How do you make me read your message? Well, in truth, you can’t. You have to make me want to know what’s important, and good internal communicators know this. Make it easy for me to get the message when I want it; make it snappy to read; keep the format consistent. Then I might read it.
Sending a weekly dirge of “What’s happening in MegaCorp, Blue Widgets Division”, will just get your message canned. Sending a series of links *may* be better, as at least you won’t be quite so hated, but probably won’t get your message across better.
As Richard points out, communication is being done through a variety of means: blogs, recommendations, social networking, like Facebook (where this blog is publicised and my other ShaiDorsai blog is imported to)
“A world in which the information consumer controls what they consume from a menu of feeds – basing that choice on the reputation of the source, recommendations from colleagues and serendipitous discovery through social networks.
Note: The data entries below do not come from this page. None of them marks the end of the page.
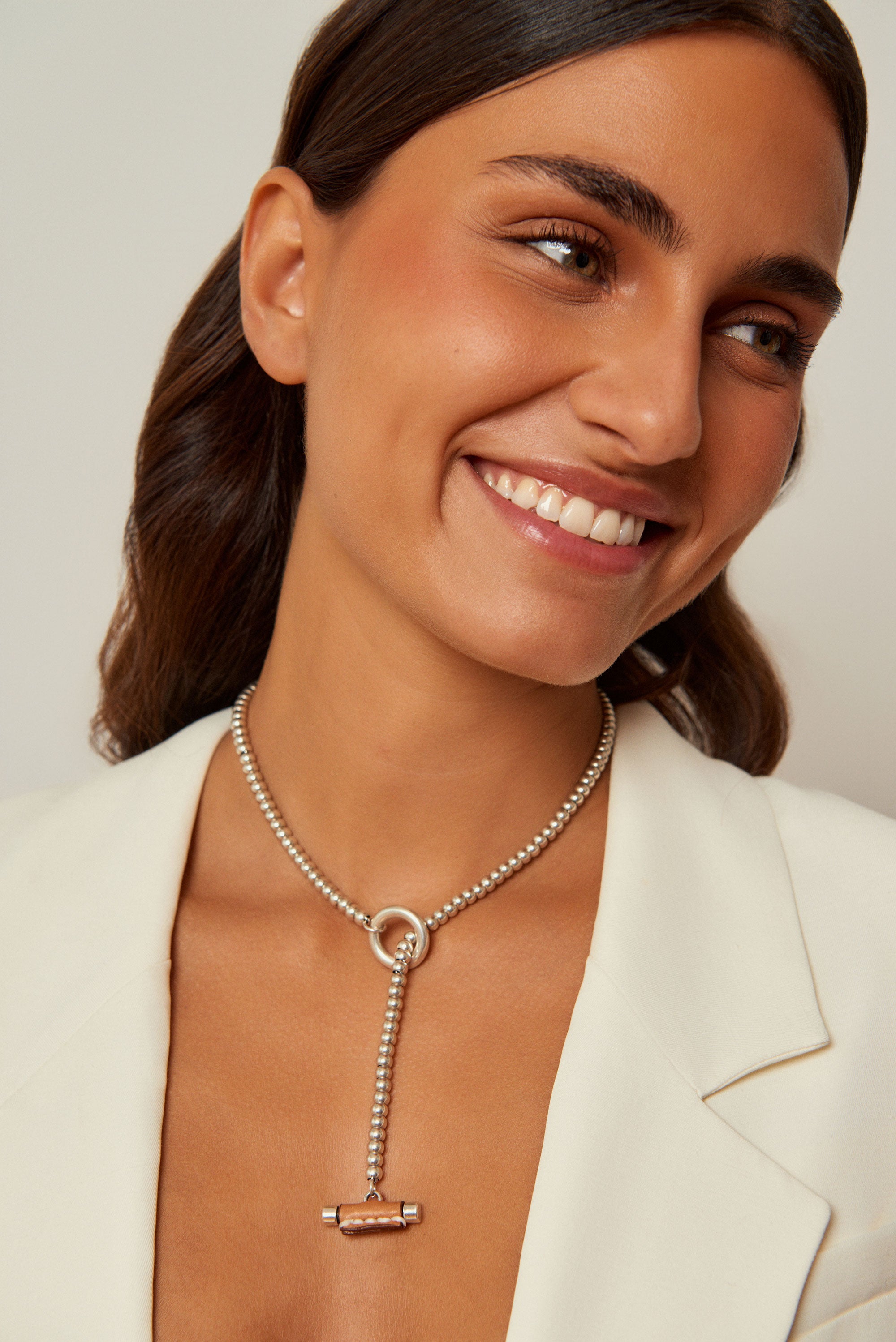 Collar Bolas Sliding Cuero, un toque contemporáneo con un clásico toque de cuero. Su diseño deslizante y las esferas metálicas lo convierten en un accesorio versátil, perfecto para añadir sofisticación y estilo a cualquier look.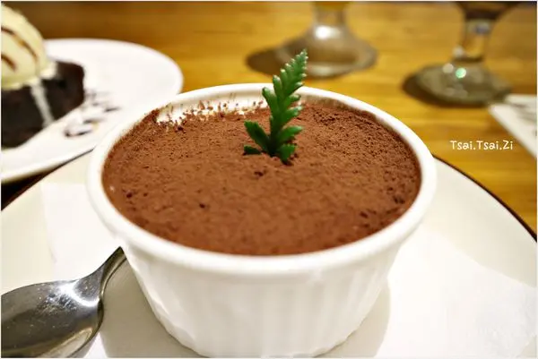 這個提拉米蘇好可愛,做成盆栽的樣子上面還有一片葉子,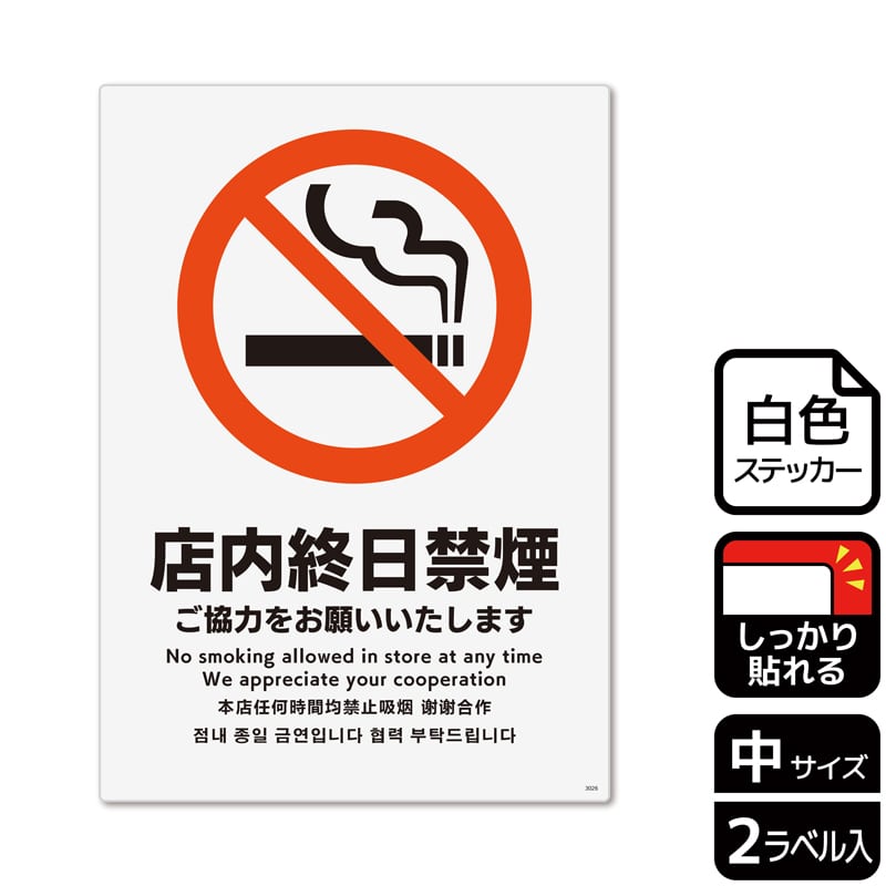 (株)KALBAS ホワイトフィルムステッカー 強粘着 タテ中 店内終日禁煙 ご協力をお願いいたします KFK3026 1パック(ご注文単位1パック)【直送品】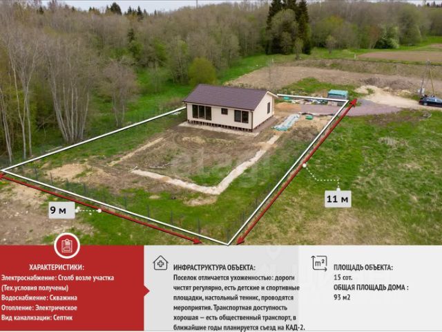 Покупай сейчас - плати потом! На данный объект доступна рассрочка на выгодных условиях Дом, тепло в котором, чувствуешь с каждым шагом! Продается одноэтажный каркасно-панельный дом (есть РАССРОЧКА), площадью 93 м² на участке 15 соток в ДНП "Сказка" Ломоносовского района. Участок правильной формы (3050 м) граничит с лесом, обеспечивая приватность и живописные виды круглый год. Дом построен по технологии PRE FAB с тщательной подготовкой домокомплекта в цеху, что гарантирует качество и энергоэффективность. Все коммуникации заведены: скважина глубиной 3234 м (второй водоносный слой), зимний водопровод на глубине 1,7 м, септик с двумя точками подвода под фундаментом, электричество от столба. Дом оснащен системой теплых полов с зональным регулированием, продуманной вентиляцией и обраткой горячего водоснабжения. Фундамент — 44 железобетонные сваи 150150 мм с гидроизоляцией, под ним — многослойная засыпка (геотекстиль, песок, щебень) для устойчивости. Утепление стен — 200 мм (перекрестное), под стяжкой — пеноплекс 50 мм и отражающая подложка. Высокие косые потолки визуально увеличивают пространство. Участок подготовлен для расширения: рядом два свободных надела, возможна постройка гостевого дома, бани, навеса для машин, бассейна 84 м, детской площадки или сада. Завезен плодородный грунт (200 м), высажены 20 туй, установлен временный забор из 3D-сетки. Поселок отличается ухоженностью: дороги чистят регулярно, есть детские и спортивные площадки, настольный теннис, проводятся мероприятия. Взносы — 1600 руб./мес. Транспортная доступность хорошая — есть общественный транспорт, в ближайшие годы планируется съезд на КАД-2. Цена — 7 300 000 руб. (АКЦИЯ при наличном расчете до конца июня). Дом построен для себя с вниманием к деталям — это готовое решение для комфортной жизни за городом без необходимости доработок. Для Покупателя будет ГБС (гарантия безопасной сделки) на 25млн. руб! Для организации просмотра и уточнения деталей пишите, звоните по указанному телефону, расскажу подробнее! Код пользователя: 174719 Номер в базе: 7775074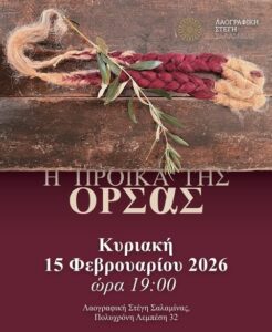 ΣΗΜΕΡΑ : Λαογραφική Στέγη Σαλαμίνας ΄΄Η ΠΡΟΙΚΑ ΤΗΣ ΟΡΣΑΣ ΄΄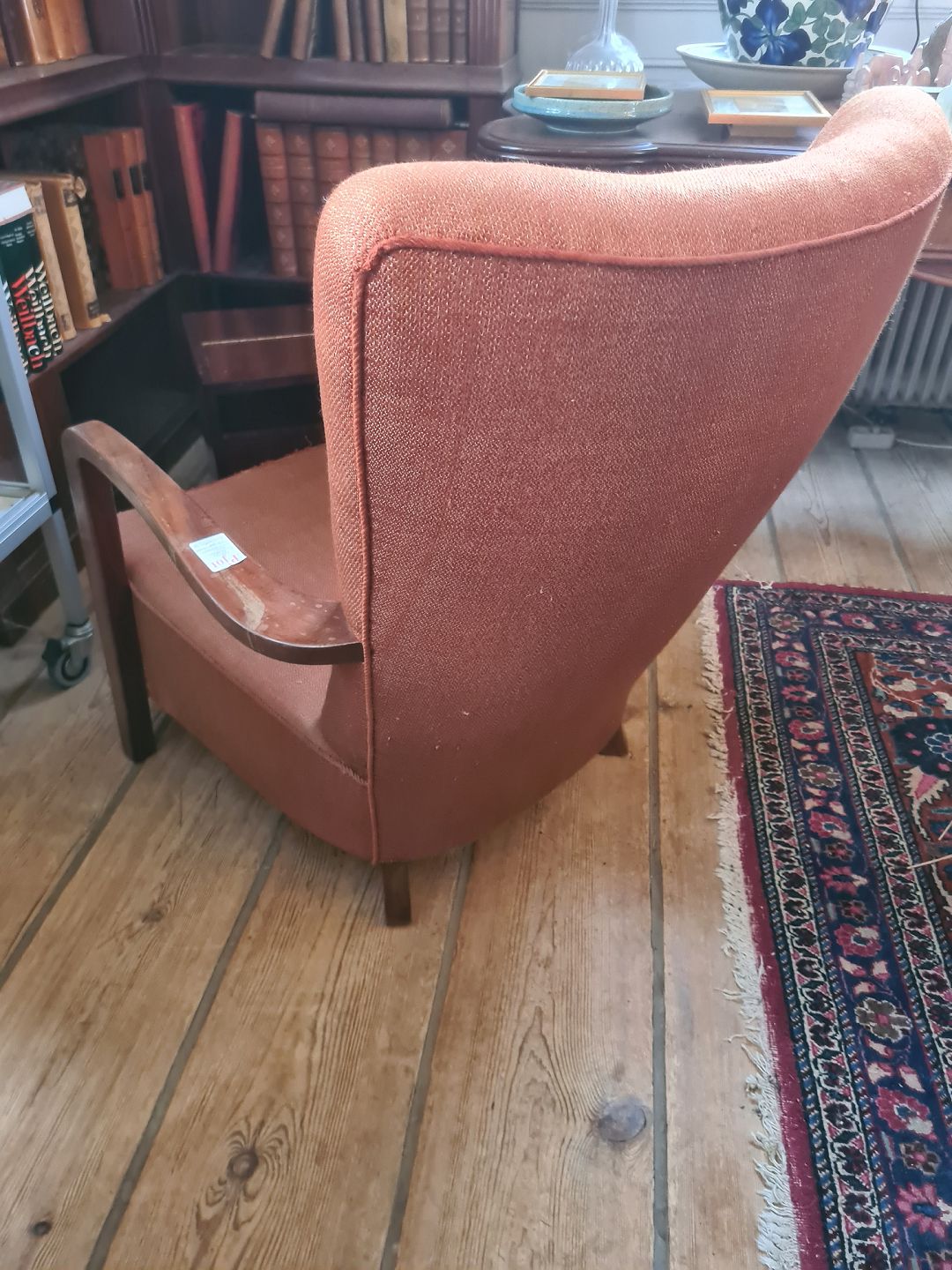 Text zugänglich auf Dänische: Snedkermester lænestol fra 1960'erne i Cuba mahogni med stofbetrukket ryg og sæde. Fremstår god og stabil men med lettere brugsspor på især venstre armlæn og sæde. (Billede)
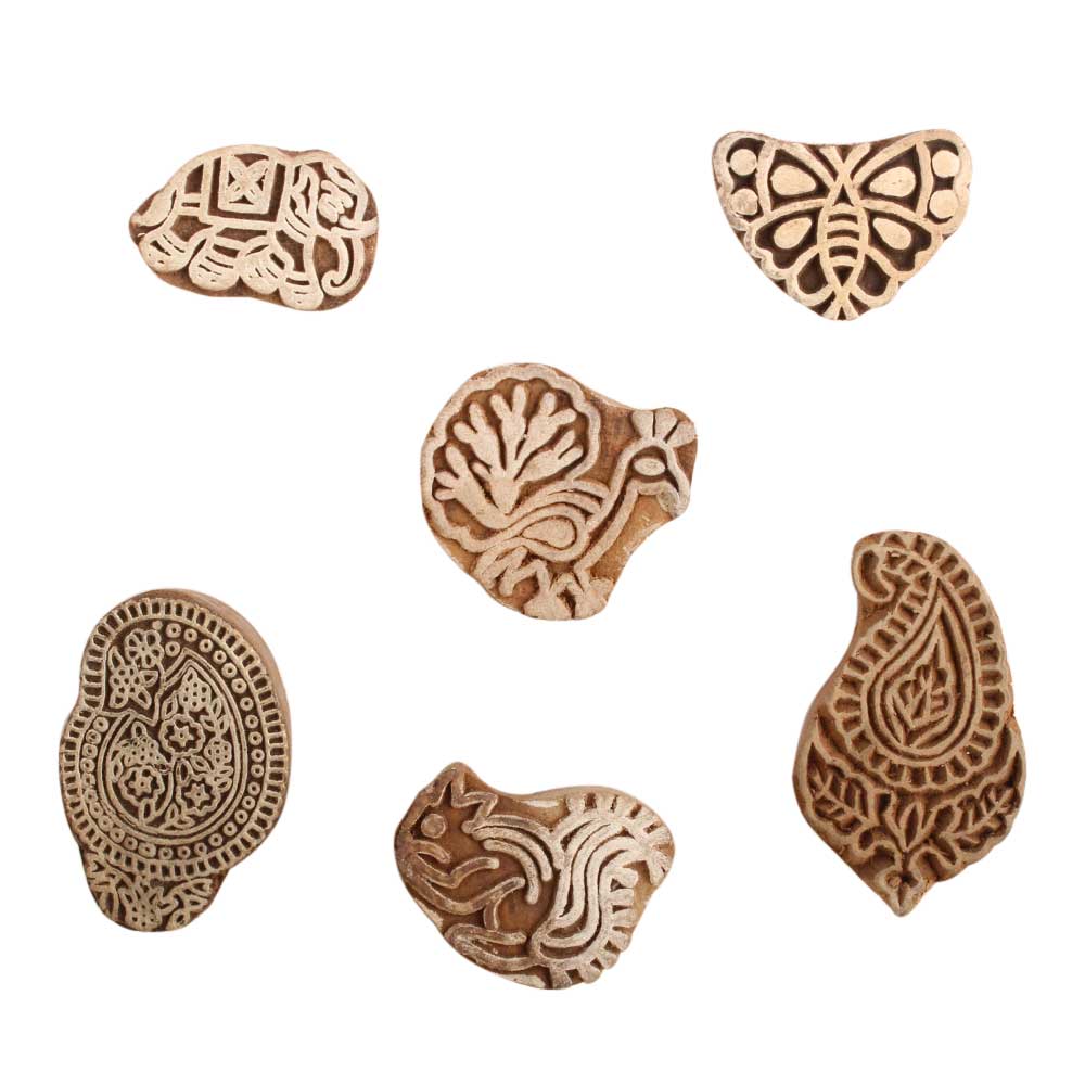 Set of 6 Piece New Mix Wooden Printing Block. Ideal for use on Fabric, Paper, Canvas, etc. These Blocks can be use to Print with Oil Colors, Fabric Colors, Water Colors, Acrylic Colors and Vegetable Colors.
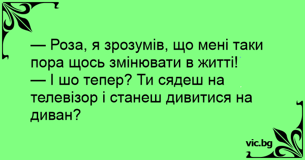 — Роза, я зрозумів, що мені таки пора щось змінювати в житті!
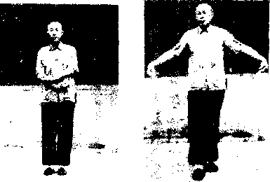 』松肩坠肘.两手抬起,在腹前相互交义,f心朝r.,手 指微拢,i图I时)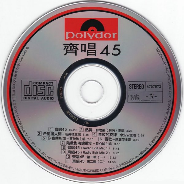 : 01. 齐唱45 唱/姑娘十八一朵花/永远的微笑/意难忘/康定情歌/ 月圆花好/夜来香/苏州河边/如果没有你/月光小夜曲/ 南屏晚钟/相思河畔/香格里拉/今宵多珍重/高山青/唱/ 春风吻上我的脸/月儿弯弯照九州/秋的怀念/凤凰于飞/ 小小羊儿要回家/我的心里没有他/第二春/峇厘岛/ 午夜香吻/梭罗河/岷江夜曲/绿岛小夜曲/天上人间/ 秋水伊人/玫瑰玫瑰我爱你/江水向东流/夜上海/唱 02. 热舞 - 苏君丽(苏芮) 03. 希望满人间 - 戚舜琴 04. 奔放的旋律 - 余安安 05. 你我共相处 - 贾诗敏 06. 雪歌 - 蒋丽萍 07. 陪我到海边散步 - 贝心瑜 08. 齐唱45(Radio Edit Mix 1) 09. 齐唱45(Radio Edit Mix 2) 10. 齐唱45 第二辑(一) 欢唱/今天不回家/往事只能回味/心爱的马车/ 泪的衣裳/问白云/昨夜梦醒时/四个愿望/情人梦/ 风从哪里来/不得了/可爱的人生/小小水仙花/ 花儿像人人像花/娜奴娃情歌/轻烟/陪我去买菜/ 又像细雨又像风/欢唱/生命如花篮/只要为你活一天/ 向日葵/像雾又像花/泪的小花/我找到自己/谁敢相信你/ 情人的阳光/因为我爱你/人生一条路/有我就有你/ 我在你左右/路边野花不要采/爱你一万倍/风狂雨又大/ 街灯下/情难守/欢唱 11. 齐唱45 第二辑(二) 曼莉/苦酒满杯/白云/破碎的心/往日的旧梦/三个梦/ 牧童之歌/夜茫茫/为了你/亚兰娜/再会吧!叮噹/ 亲爱的巴比多/想你想你/爱他爱他/田园之歌/甜蜜的梦/ 苹果花/提醒你/相思苦/天边一颗星/我没有人爱/ 一叶浮萍/寻梦园/可爱的马/今夜雨蒙蒙/无情火车/ 爱的苦酒/我已经早回头/泪痕/负心的人/苦情花/秋词/ 梅兰梅兰
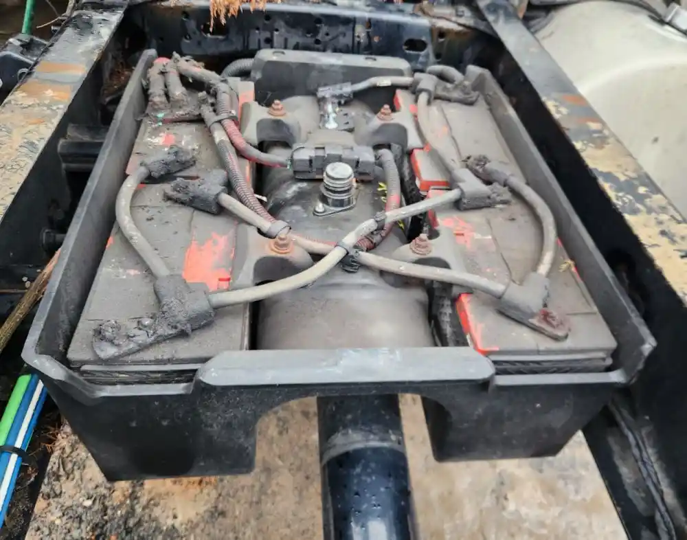 (Used) 2022 Freightliner Cascadia 126, BATTERY BOX- Side: Central Frame behind Cab, Capacity: 4 Batteries, Material: Plastic, Dimensions: L=30 ?", W=25 ½", Reference images for condition,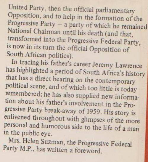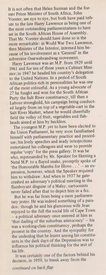 Harry Lawrence By Jeremy Lawrence - South African MP, published in 1978, 276 pages, hardcover with dustjacket, scuffing etc & age spots on some pages however all pages are intact and are quite readable.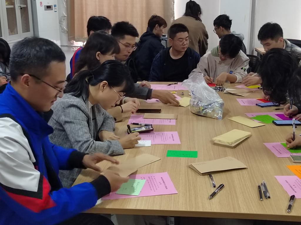 此次活动分为上下场。上半场的主题是“师生‘心桥’传递祝福 共同守护美好未来”,学院党委副书记鱼园、全体辅导员与各班心理委员在学院二级心理工作站——“心灵驿站”共同为同学们书写心灵祝福卡,并通过抽盲盒的形式送给学院全体同学,搭建起师生共同维护心理健康的“心桥”。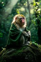 Een peinzende aap zit midden in een dicht, mysterieus bos, gewikkeld in een zachte, groene doek. De mystieke lichtsfeer en vredige houding geven deze foto een ontspannen uitstraling. Het is ideaal voor de woonkamer en creëert een perfecte balans tussen de nabijheid van de natuur en stijlvolle flair. Een oase van rust voor elke kamer.
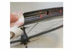 - Grâce à sa haute viscosité, le Carogna s’applique facilement, avec une brosse, sur la surface de collage de la jante. De couleur rouge, on voit clairement où on l’a appliqué.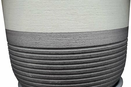 Горшок Маршмеллоу выполнен из керамики, имеет приятную рельефную поверхность и стильный принт в полоску. Модель дополнена поддоном в цвет изделия.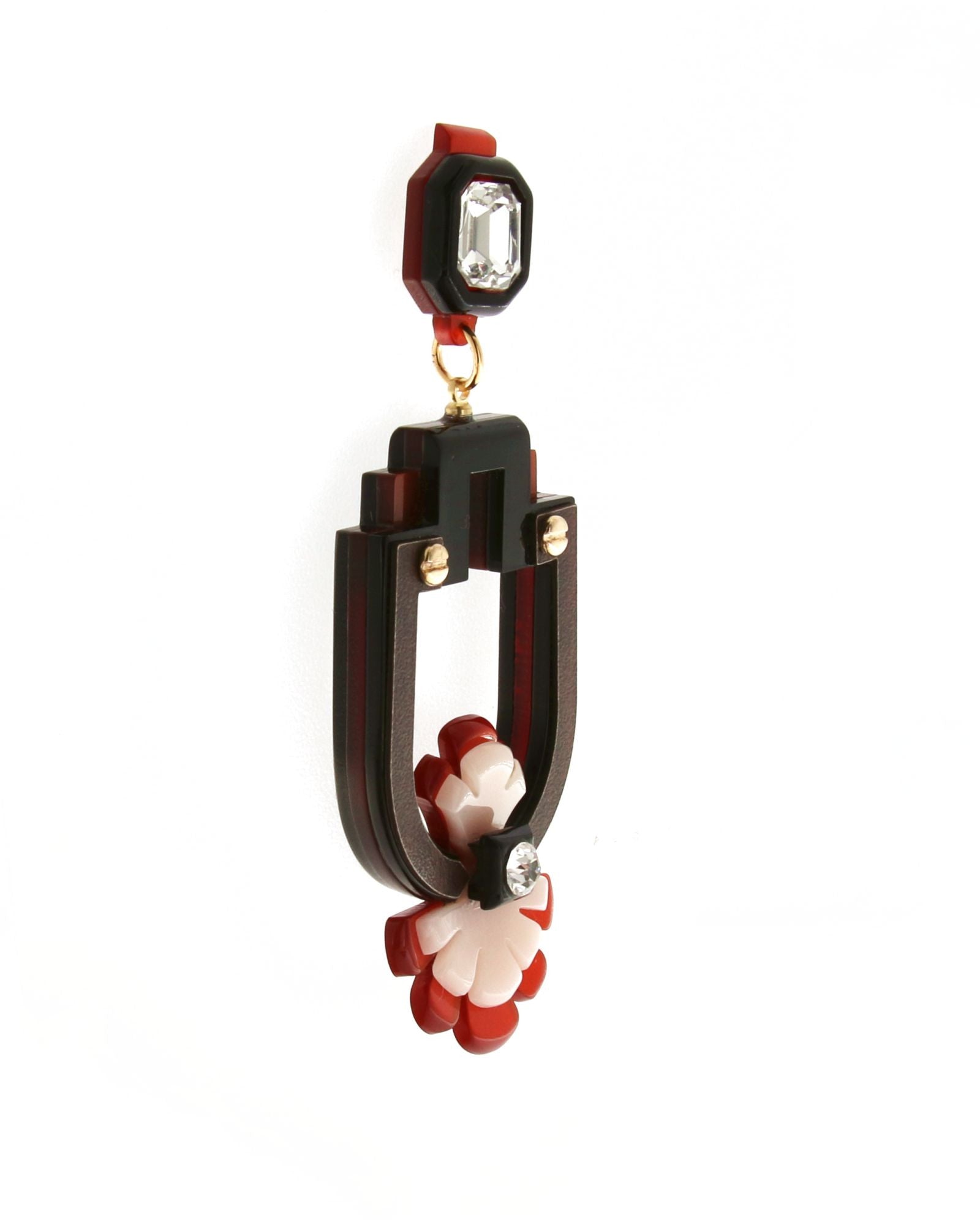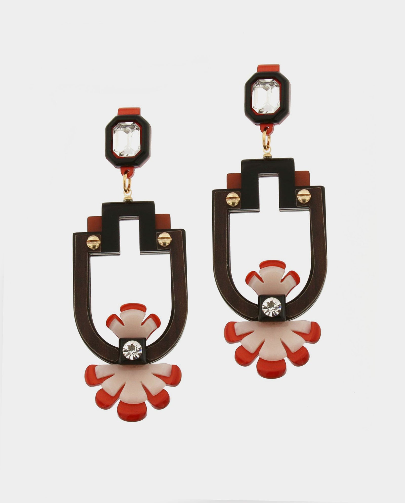 Pendiente de resina con diseño geométrico y flor combinando los colores negro, rosa y marrón decorado con cristal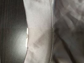 - defekt delikatnie zaciągnięte nitki na golfie i na dole spódnicy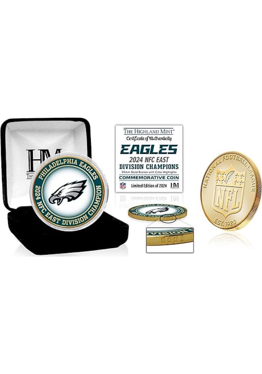 Product Details Product Details 39mm solid bronze coinColored team logo embedded on one sideLeague logo on one sideLimited editionEach coin is individually numbered on its edgeCoin protected in clear capsule to preserve conditionUSA Officially Licensed This Philadelphia Eagles 2024 Division Champions Coin Collectible is a fantastic addition to your Eagles collection. These Coin feature a Certificate of Authenticity.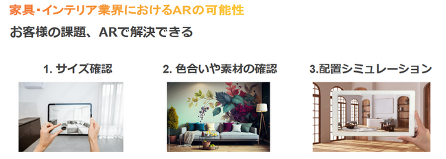 「家具のAR」はご自宅で家具の試し置きが簡単に可能になるため、そういった障壁をなくすことができ、より多くに消費者様がECで購入がしやすくなる世界を目指しております。
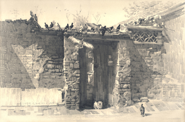 这条胡同已经太沧桑了,也是13幅画里面最矮、最破的一个胡同,后来这个院子被直接拆掉了。加之画得又是冬天的时候,整个画面显得特别荒凉。所以必须加一些东西来活跃氛围。这个胡同很矮很小,如果加的东西过大的话,会感觉很压抑,所以只能加些小事物,也就是添加鸽子和小狗来活跃气氛。鸽子取材于奥体东门那一块,那天拍了一天的鸽子。花掉八卷胶卷。在门框上站了一整排鸽子来活跃气氛,也有人质疑鸽子会不会加的太多了。小狗也是“移植”过来的。其实这只小狗是我很多幅作品里的“模特”,这里面有个故事。

Interactions are almost exclusively real-time and informal in nature.”
I reckon he’s right; some communicators are naturally gifted and can manage their messages intuitively, and have the focus and time management to do this themselves.
Many who need to communicate won’t have the ability or the time to manage the new media… and Richard and his ilk can continue to earn their money.
Now, how he communicates this message to the senior executives is crucial… I wait with interest to find his next steps…
In a thoughtful post at Inside Out Richard asked if
“‘… there seems only one cause behind all forms of misery: bigness’ (i.e. as the organisations around us get bigger, we feel smaller, alienated, lose autonomy and control and become institutionalised – we become, ‘… dominated by gigantic, impersonal, bureaucratic, standardised entities’).
I’m firmly of the view that Facebook is part of the solution. It allows groupings to form outside the normal hierarchical or organisational boundaries, and lets people learn from each other – and perhaps more importantly from each others contacts very easily.
I can follow Inside Out easily from Facebook, along with multiple other aspects; yes, I know *I* could use an RSS feed, but Facebook is somehow both easier and more welcoming.
Although, as was pointed out to me quite firmly by another colleague, providing links to Facebook content without considering that not everyone is a member and “with time to waste” could be considered rude.
So far?I think it has the potential to be a cure.